In Uganda, young people are acquiring skills and tapping into new opportunities to fight against the global pandemic collectively.
Godliver Businge reports
Kabulasoke is a sub-county in Gomba District, Central Uganda. The people living here are mostly farmers and pastoralists. Like other areas across East Africa, Kabulasoke has struggled with relentless environmental hazards and the most common among them is drought.
The global pandemic has been challenging for many people in Uganda, but in my opinion, the situation is hardest for young people. With youth unemployment standing 64% to 70% in Uganda, about 30% of the youth who are institutionally qualified are unable to find jobs. The situation is even worse for the semi-skilled and unskilled youths.

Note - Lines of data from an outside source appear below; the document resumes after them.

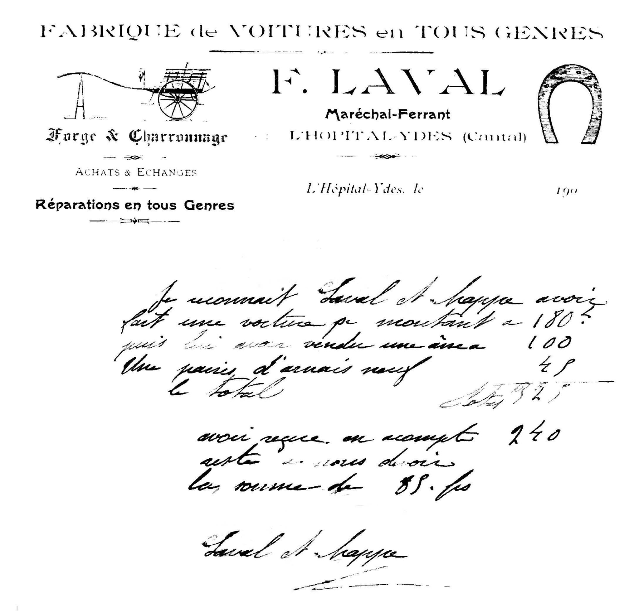 67 NUM 107, Papier à en-tête du maréchal-ferrant Laval, fabriques de voitures en tout genre, à Ydes.
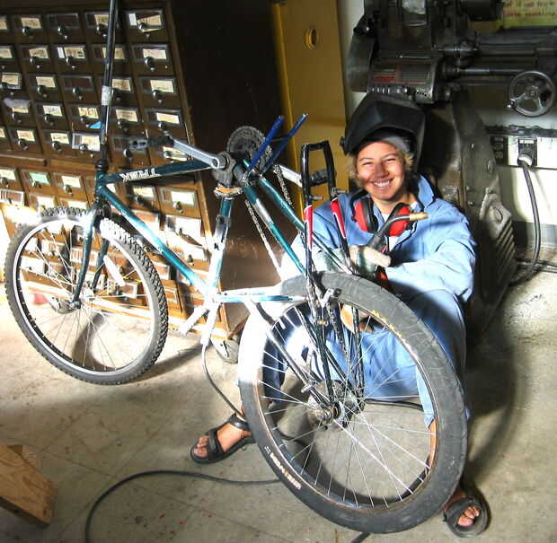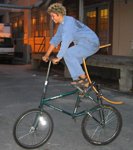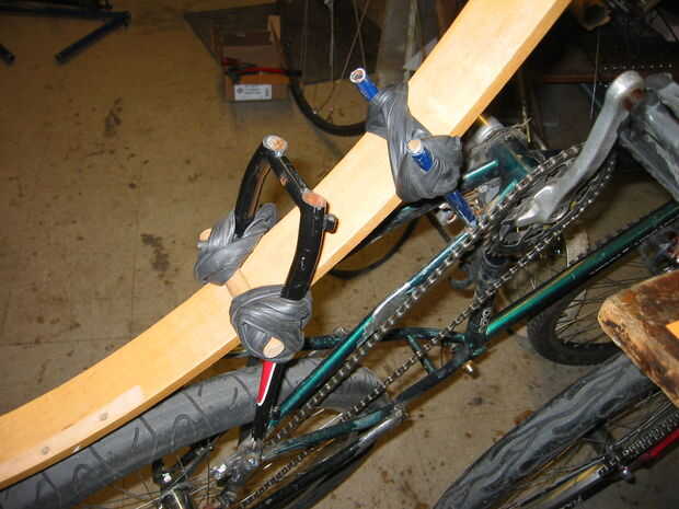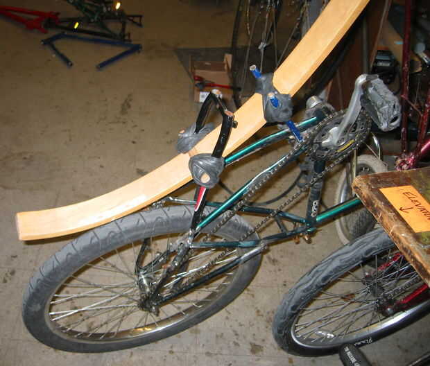 Hicimos este uno usando el brazo de una silla danés para hacer una tija de sillín elástico y una defensa al mismo tiempo. Es azotado innertube en algunos soportes que soldada de tubos de whatchamacallit "vaina". La moto parece que ha hecho en un pantano.
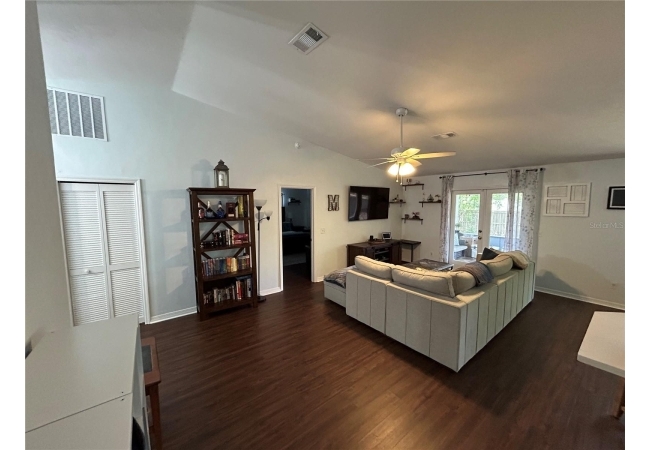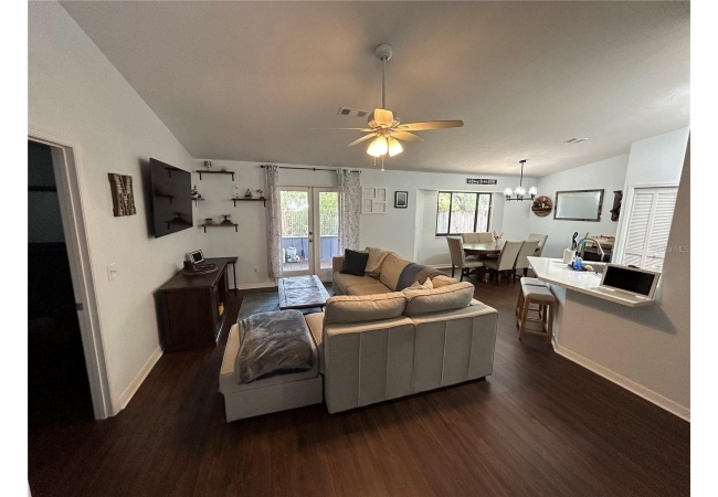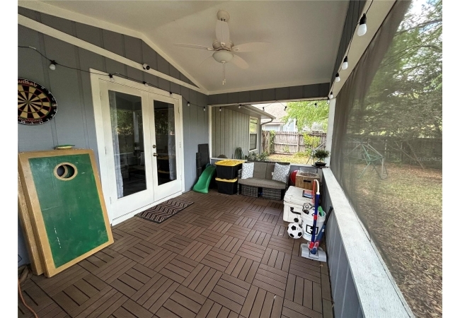 Come see this adorable, well-maintained 3 bedroom, 2 bathroom home in the highly desirable Mile Run neighborhood. Step into the spacious and open concept living area, complete with a vaulted high ceiling and French doors leading right out to the screened in porch. The kitchen is easily accessible and boasts solid countertops and stainless steel appliances. This home has a split bedroom plan with another high vaulted ceiling in the primary suite. Step through the French doors to enjoy the versatile back porch, the finished flooring allows for this space to be used for anything from a game space to a sitting room to enjoy quiet mornings. Through the back porch you'll find the private, fenced backyard ready for a children's play area or even a garden. You don't want to miss this beautiful home!
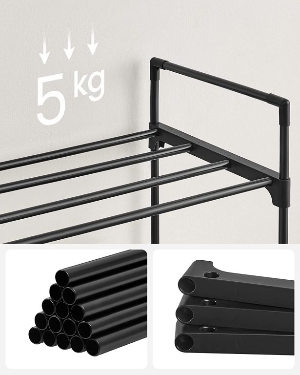 Fabricat din oțel durabil și plastic, pantofarul asigură stabilitate și rezistență. Montajul este intuitiv, fără scule, iar întreținerea este minimă. Fiecare raft suportă până la 5 kg.
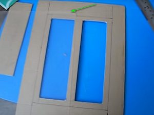 Шаг третий. Размечается картонное основание клапана. Поначалу на картоне намечается контур отдушины (по горизонтали и вертикали отступы от краев должны быть одинаковыми). Далее намечаются окошки клапанов.

Twehayo Naume, aged 23, can’t forget the day her father was laid off from work as a result of Covid-19. Her father was the sole breadwinner of the household, providing food, medication and other necessities. “Life became hard with my father’s loss of job, domestic violence towards my mother started whenever she asked my father to provide food. The family was at the verge of breaking up,” she shares.
Construction: a practical job route
Being the eldest child in the family, Naume chose to work at construction sites in order to be able to feed her family. “I am so grateful for being part of Women Climate Center’s International (WCCI), a one-stop centre that equipped me with skills in construction,” says Naume.

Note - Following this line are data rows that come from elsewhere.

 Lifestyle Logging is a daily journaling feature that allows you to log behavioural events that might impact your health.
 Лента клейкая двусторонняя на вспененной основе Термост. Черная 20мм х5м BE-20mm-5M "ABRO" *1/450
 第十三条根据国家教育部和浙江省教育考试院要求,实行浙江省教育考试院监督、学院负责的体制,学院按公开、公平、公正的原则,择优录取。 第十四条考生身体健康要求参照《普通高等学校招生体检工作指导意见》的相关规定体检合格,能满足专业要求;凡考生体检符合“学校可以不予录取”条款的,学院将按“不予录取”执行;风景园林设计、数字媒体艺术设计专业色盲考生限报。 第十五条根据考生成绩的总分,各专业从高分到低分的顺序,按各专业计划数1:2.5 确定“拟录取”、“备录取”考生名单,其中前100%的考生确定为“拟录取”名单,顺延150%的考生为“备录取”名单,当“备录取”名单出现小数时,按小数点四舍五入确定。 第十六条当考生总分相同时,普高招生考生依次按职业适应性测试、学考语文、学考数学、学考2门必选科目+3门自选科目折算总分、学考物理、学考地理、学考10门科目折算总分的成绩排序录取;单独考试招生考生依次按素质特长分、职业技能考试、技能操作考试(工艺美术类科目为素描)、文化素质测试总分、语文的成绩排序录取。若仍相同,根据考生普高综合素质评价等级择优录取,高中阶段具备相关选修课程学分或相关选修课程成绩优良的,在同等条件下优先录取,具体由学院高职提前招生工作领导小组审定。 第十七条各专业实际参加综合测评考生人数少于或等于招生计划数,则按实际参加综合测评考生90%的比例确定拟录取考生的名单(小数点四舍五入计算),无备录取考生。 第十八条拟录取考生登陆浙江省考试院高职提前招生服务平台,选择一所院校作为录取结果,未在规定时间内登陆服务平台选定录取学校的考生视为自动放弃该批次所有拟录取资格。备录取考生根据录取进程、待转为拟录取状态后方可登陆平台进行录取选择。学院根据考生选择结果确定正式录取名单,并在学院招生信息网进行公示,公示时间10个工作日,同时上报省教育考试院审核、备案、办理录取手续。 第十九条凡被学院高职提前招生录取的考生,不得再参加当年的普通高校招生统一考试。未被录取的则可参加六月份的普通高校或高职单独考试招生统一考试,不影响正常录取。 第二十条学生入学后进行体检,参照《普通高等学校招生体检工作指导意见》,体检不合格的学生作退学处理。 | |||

Naume is very passionate and enthusiastic when it comes to her work. This enabled her to acquire practical skills for construction of safely managed sanitation technologies, such as ecological toilets, lined Ventilated Pit Latrines and double leach toilets.
Young people in Uganda are unable to market their skills and present themselves as viable employees, partly due to a lack of self-esteem and their negative attitudes. This was not the case for Naume. Having acquired the practical skills, she started boldly looking for work in the communities.

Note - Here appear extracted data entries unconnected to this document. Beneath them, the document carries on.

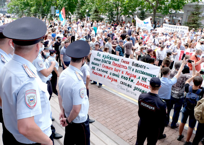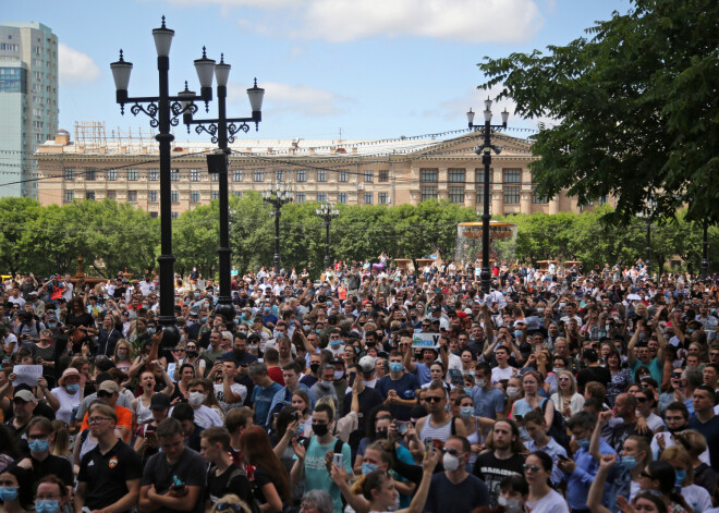 Protesta akcijas Habarovskā nerimst kopš 9.jūlija, taču šajā sestdienā līdztekus prasībām par Furgala atbrīvošanu apmēram 8000 ielās izgājušie cilvēki pieprasīja arī Krievijas prezidenta Vladimira Putina tiesāšanu.
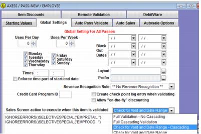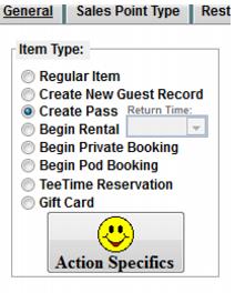 For pass items that reload existing media the item must be configured to Create Pass. The configurations within the Action Specifics are still important for Siriusware In-House Cards programs and salespoint validation features i.e., the %E discount function. And, although validation is controlled by the Axess Gates and not the configurations within the Pass Action Specifics, it is still necessary to configure the typical settings, such as Total Number of Uses, for consistency when researching guest pass records in Siriusware vs. WTP/RF Serial Numbers in Axess and for exchanges.
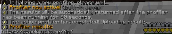 видим сверху надпись - 60 FPS - Прописываем данную команду /sparkc sampler --timeout 60 (можно написать любое время в секундах). Можно использовать данную команду для запуска spark - /sparkc sampler, и для остановки - /sparkc sampler --stop. По окончанию записи спарка появится ссылка с тем что нагружает у вас ПК

“Local communities have a lot of trust in women. Many people gave me work to construct for them improved toilets. I was overwhelmed with so many job opportunities but was struggling to meet the market demand individually,” she adds.
In order to help as many families as possible, Naume mobilised youth groups (male and female) from her county and trained them in practical skills. She hopes to expand this initiative all over Kabulasoke.
To maintain prescribed hygiene protocols, Naume and her fellow youth trained the targeted communities, by promoting proper hand washing and wearing masks. For every constructed toilet, a functional hand washing facility was installed. They also promoted a safe water chain by encouraging communities to clean their jerry cans before fetching and storing water, and they constructed racks for drying the cans.
As Naume built up this initiative, she ensured that they followed the government standard operating procedures to ensure that everyone is safe while on site.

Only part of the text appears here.